But far from ‘doing nothing at all’, China will be building the world’s largest renewable energy system over the next 16 years. This is something that China has already started doing – so the targets agreed upon are feasible – if arduous.

As part of the US-China climate deal announced on Wednesday, China is committing to raise the proportion of renewables in its total energy system to 20%. As renewables and nuclear power currently account for 10% of China’s total energy consumption, this implies a doubling of its renewables commitment. The challenge is illustrated in the graph below.

This is why Chinese president Xi Jinping can commit China to peaking its carbon emissions by 2030. In reality, we and many other observers expect China’s carbon emissions to peak well before that date, so there is room for more dramatic announcements to come from the Chinese side.

China’s energy is already on a strong green track

In fact, at the recent APEC meeting in Beijing, China’s national Energy Bureau stated that China’s coal consumption would probably peak by 2020, at about 4.2 billion tonnes per year. So carbon emissions could peak just a little after that – and certainly before 2030.

Mitch McConnell and many other commentators have placed all their emphasis on China’s building of a “black” energy system, comprising new coal and other fossil fuel facilities, while ignoring the enormous commitments already made to renewables and a complementary green energy system.

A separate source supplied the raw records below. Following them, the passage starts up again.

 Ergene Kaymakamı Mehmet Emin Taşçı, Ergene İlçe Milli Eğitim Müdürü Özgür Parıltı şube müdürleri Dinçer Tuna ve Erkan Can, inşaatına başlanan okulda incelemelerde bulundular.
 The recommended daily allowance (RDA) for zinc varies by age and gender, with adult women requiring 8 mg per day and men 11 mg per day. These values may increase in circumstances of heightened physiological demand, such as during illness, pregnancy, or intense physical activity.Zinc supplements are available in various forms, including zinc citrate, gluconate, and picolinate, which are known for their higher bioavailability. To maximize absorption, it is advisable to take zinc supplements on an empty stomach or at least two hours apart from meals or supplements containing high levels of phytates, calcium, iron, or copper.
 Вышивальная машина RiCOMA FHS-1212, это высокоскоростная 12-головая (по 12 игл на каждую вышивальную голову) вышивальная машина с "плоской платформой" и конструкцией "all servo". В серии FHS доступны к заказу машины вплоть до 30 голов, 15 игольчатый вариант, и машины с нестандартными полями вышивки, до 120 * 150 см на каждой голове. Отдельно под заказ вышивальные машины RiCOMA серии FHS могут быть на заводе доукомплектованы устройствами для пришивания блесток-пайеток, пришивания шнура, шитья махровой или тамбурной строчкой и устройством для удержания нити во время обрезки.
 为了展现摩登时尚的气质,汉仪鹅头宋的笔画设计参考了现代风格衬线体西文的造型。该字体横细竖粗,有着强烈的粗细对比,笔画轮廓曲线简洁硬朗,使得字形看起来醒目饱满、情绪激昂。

By our reckoning, the leading edge of change in China’s energy system is already more green than black, and the total system is greening at such a rate that the goals just announced as part of the climate deal should certainly be met.

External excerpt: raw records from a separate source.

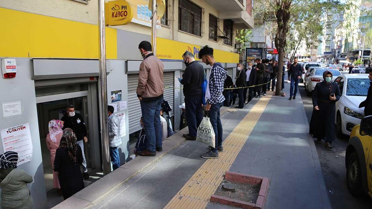 Diyarbakır'da PTT'lerin önünde oluşan kalabalık Covid-19'un bulaşma riskini arttırıyor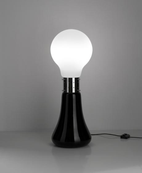 Rivisitazione contemporanea dello stile anni ’70 del vetro soffiato di Murano. La lampada ha due pulsanti di accensione distinti per la base ed il bulbo – che ha il variatore di intensità. Tali diffusori sono disponibili in vari colori o in cristallo trasparente. L’elemento di giuntura è in cromo o rame lucido.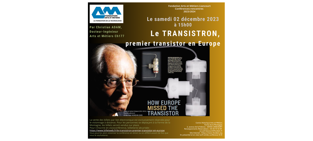 Le Transistron, premier transistor produit en série en Europe, par Christian ADAM, Dr. Ingénieur A&M (Ch177), conférencier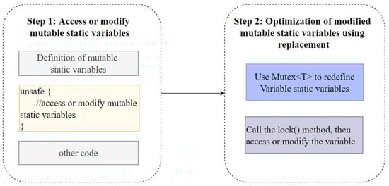 The basic Thetis framework is shown in Figure 2. Specifically, Thetis manages five types of unsafe operations in a flexible, safe, and efficient manner, as discussed in Section 2. Thetis is designed based on a finite type of unsafe operations, reducing the complexity of optimization and the possibility of false positives and false negatives and ensuring that the system is as safe and reliable as possible. Firstly, it tries to directly replace the mutable static variables and union types with safe implementations to eliminate unsafe fragments.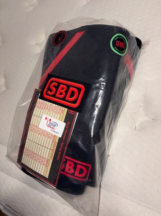 Rodilleras SBD en talla L, diseñadas para ofrecer soporte y compresión. - Color negro con detalles en rojo. - Aprobadas por la IPF (International Powerlifting Federation). - Incluye guía de tallas para un ajuste óptimo.

The White House, in its statement announcing the joint deal, said that for China to meet its commitment

” … it will require China to deploy an additional 800-1000 gigawatts of nuclear, wind, solar and other zero-emission generation capacity by 2030 – more than all the coal-fired power plants that exist in China today and close to total current electricity generation capacity in the United States.”

These are enormous numbers, but they fit with China’s current capacity and goals. In 2013 China’s generating capacity from all sources reached 1,247 gigawatts.

Its generating capacity from water, wind and sun (leaving nuclear to one side) has already reached 378 gigawatts, far in front of all other industrial countries (see here).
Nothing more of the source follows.